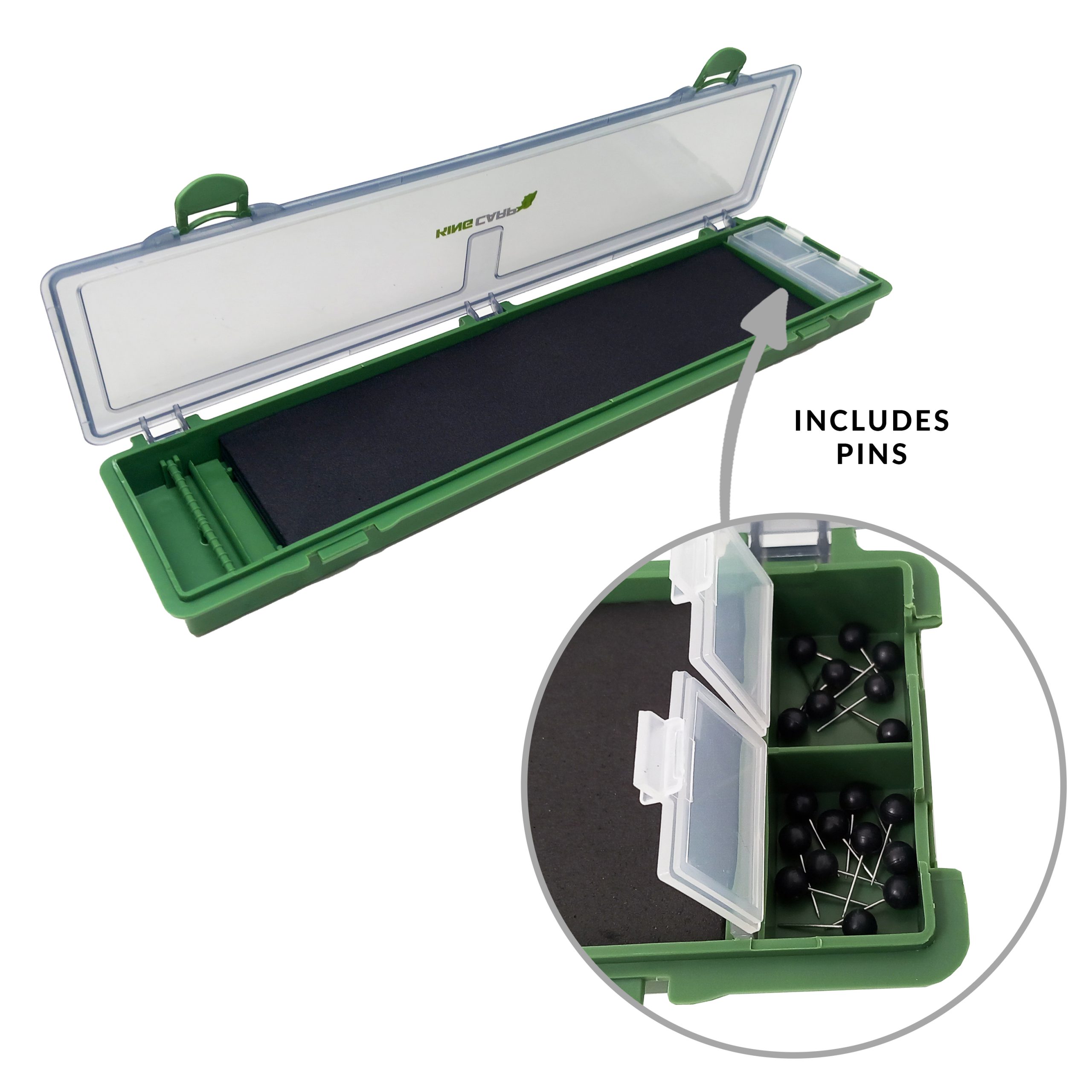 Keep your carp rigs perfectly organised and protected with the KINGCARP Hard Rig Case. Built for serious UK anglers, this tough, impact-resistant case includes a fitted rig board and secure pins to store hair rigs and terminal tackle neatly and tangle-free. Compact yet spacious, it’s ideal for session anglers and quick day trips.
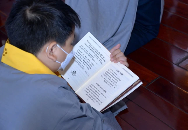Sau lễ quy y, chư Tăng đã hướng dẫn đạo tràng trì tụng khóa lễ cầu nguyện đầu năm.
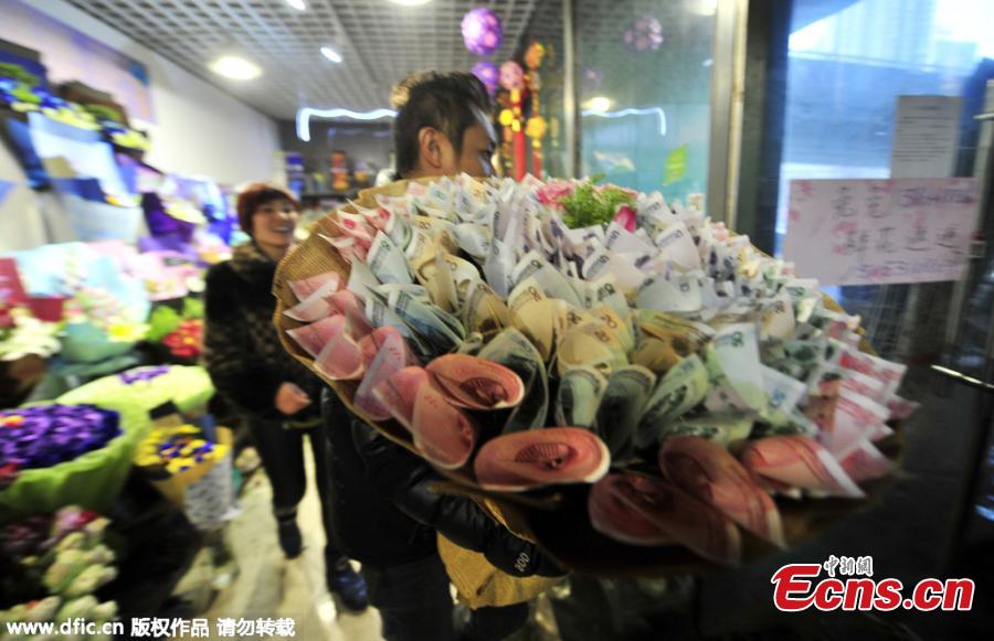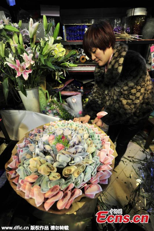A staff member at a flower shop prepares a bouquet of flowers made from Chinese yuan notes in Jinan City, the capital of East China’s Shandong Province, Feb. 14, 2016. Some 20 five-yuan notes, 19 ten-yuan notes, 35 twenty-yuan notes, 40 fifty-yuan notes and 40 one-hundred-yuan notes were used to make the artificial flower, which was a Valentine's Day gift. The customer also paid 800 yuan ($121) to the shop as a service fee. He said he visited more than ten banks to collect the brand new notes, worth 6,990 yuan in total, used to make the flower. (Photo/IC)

------------------------------------------------

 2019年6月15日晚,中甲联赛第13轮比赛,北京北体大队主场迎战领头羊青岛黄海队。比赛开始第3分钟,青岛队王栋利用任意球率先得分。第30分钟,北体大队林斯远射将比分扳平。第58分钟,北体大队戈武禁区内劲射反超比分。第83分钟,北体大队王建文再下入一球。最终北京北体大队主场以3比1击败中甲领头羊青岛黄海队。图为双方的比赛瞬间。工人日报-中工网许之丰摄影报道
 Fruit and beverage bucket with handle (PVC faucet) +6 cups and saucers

------------------------------------------------

ACTION ITEM ▸ From the listing above, repeat exactly the lines starting at the line that includes "2019年6月15日晚,中甲" and ending at the line that includes "Fruit and beverage", with nothing outside that span.

EXERCISE RESPONSE ▸
 2019年6月15日晚,中甲联赛第13轮比赛,北京北体大队主场迎战领头羊青岛黄海队。比赛开始第3分钟,青岛队王栋利用任意球率先得分。第30分钟,北体大队林斯远射将比分扳平。第58分钟,北体大队戈武禁区内劲射反超比分。第83分钟,北体大队王建文再下入一球。最终北京北体大队主场以3比1击败中甲领头羊青岛黄海队。图为双方的比赛瞬间。工人日报-中工网许之丰摄影报道
 Fruit and beverage bucket with handle (PVC faucet) +6 cups and saucers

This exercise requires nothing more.